DUBAI, UNITED ARAB EMIRATES (AP) - The crew of the latest “Mission: Impossible” will have at least one tall task: filming shots involving the world’s highest building.
The filmmakers are being tightlipped about plot details and where exactly they plan to shoot in Dubai. But star Tom Cruise and producer Bryan Burk did let slip Thursday that the fourth installment of the big screen series will feature scenes with the Mideast city-state’s more than half-mile-high (828-meter-high) Burj Khalifa.
“I’ll be spending many days, many hours on the side of this building,” Cruise told The Associated Press at the base of the silvery spire. “I can’t give you details, but I will be up there,” he said.
Unlike previous sequels in the spy franchise, the fourth installment will go without a number. Cruise blew its cover Thursday: “Mission: Impossible _ Ghost Protocol.”
Cruise is in the emirate with his family to shoot scenes for the movie after wrapping up filming in the Czech capital Prague. Co-stars Paula Patton from “Precious” and Jeremy Renner from “The Hurt Locker” are also in town.
In an interview, Cruise dismissed talk that he’d taken a big upfront pay cut for this “Mission: Impossible.”
The 48-year-old star, who most recently appeared alongside Cameron Diaz in the poorly performing “Knight and Day,” laughed off a question about whether he was still bankable at this stage of his career. “No worries” was his brief response.
And as for speculation he could reprise his role as Lt. Pete “Maverick” Mitchell in a Top Gun sequel? Cruise was noncommittal.
“Those things are a long way off. It takes a long time to figure out stuff,” he said.

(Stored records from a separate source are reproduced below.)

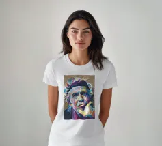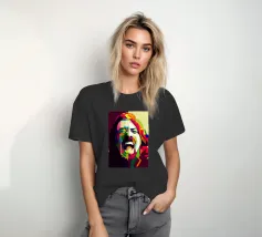 Een levendig en geometrisch portret in WPAP-stijl van Sinead O'Connor, met gedurfde, hoekige vormen en een opvallende reeks heldere, contrasterende kleuren. Het kunstwerk legt haar iconische kenmerken vast, zoals haar geschoren hoofd, doordringende ogen en sterke gezichtsuitdrukking, door gebruik te maken van scherpe, gefragmenteerde kleurblokken. De compositie benadrukt diepte en emotie met behoud van de kenmerkende pop-art kubistische esthetiek van WPAP, waardoor een visueel dynamisch en modern eerbetoon aan de legendarische zangeres ontstaat.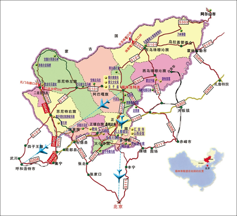 4 個小時左右可進入錫林郭勒草原, 7 個小時左右可到達錫林浩特市,北京至錫林浩特航班僅用 40 分鐘即可到達,交通十分便利。盟內(nèi)通信便捷暢通,并已建成盟、旗(縣)、蘇木(鄉(xiāng))、嘎查(村)四級農(nóng)村牧區(qū)信息服務(wù)網(wǎng)絡(luò),其中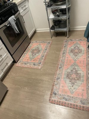 [This review was collected as part of a promotion.] The Unique Loom Comfort Mat Collection - Whitney (Rose Pink/ Black) is comfy to stand on and the look is true to from from the picture and looks good in a kitchen or bathroom. It's comfortable to stand on and easy to clean. The design is a nice add to the home.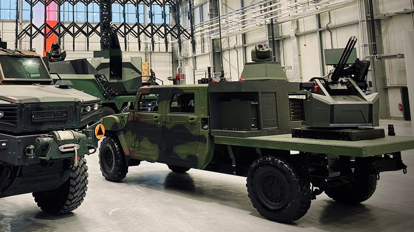 System San podczas prezentacji. Fot. PGZBaterie będą wyposażone w szeroki wachlarz efektorów: od programowalnej amunicji, armat kalibru 30 i 35 mm, przez wielolufowe karabiny maszynowe, aż po kierowane pociski rakietowe kalibru 70 mm APKWS. Kluczowym elementem ma być jednak walka niekinetyczna, zaawansowane zagłuszarki (systemy walki radioelektronicznej), które oślepią wrogie maszyny lub spalą ich elektronikę, zanim te zdążą wyrządzić szkody. Wszystko to spięte w całość przez radary i sensory nowej generacji.

Filmmakers said little about what role Dubai would play in the upcoming “Mission: Impossible,” which will also include scenes shot in Moscow and Vancouver.
They ducked questions about financial troubles and global terrorism, opting instead to praise Dubai’s boldness and over-the-top architecture.

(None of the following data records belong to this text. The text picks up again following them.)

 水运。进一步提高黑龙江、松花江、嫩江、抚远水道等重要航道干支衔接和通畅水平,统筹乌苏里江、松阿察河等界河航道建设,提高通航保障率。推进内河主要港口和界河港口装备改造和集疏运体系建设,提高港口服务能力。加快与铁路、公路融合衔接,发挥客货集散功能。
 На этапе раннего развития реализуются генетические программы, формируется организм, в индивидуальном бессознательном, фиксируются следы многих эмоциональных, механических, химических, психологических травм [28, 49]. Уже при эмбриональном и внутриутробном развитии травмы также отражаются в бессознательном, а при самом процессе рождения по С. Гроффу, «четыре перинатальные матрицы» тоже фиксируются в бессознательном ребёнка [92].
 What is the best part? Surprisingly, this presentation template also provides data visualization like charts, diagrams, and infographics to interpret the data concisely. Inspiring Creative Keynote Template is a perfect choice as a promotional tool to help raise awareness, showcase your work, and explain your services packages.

“We love the fact that it’s a big, new city, that it hasn’t been photographed very much … It’s almost like sets that you could never afford,” said director Brad Bird, who is best known for helming the animated features “Ratatouille” and “The Incredibles.”
The Persian Gulf sheikdom raced to put up towering skyscrapers and manmade islands during a multiyear building boom, only to see its fortunes turn sour and property prices collapse when the global economy stumbled.
It has also emerged as a city of international intrigue, highlighted by this year’s assassination of Hamas commander Mahmoud al-Mabhouh, allegedly by a hit team of Israeli spies, in a Dubai hotel room.
Dubai is eager to attract big-budget filmmakers. It has held an international film festival since 2004. A company run by the emirate’s ruler is building a Mideast version of Hollywood on the city’s outskirts that promises film studios, backlots and sound stages.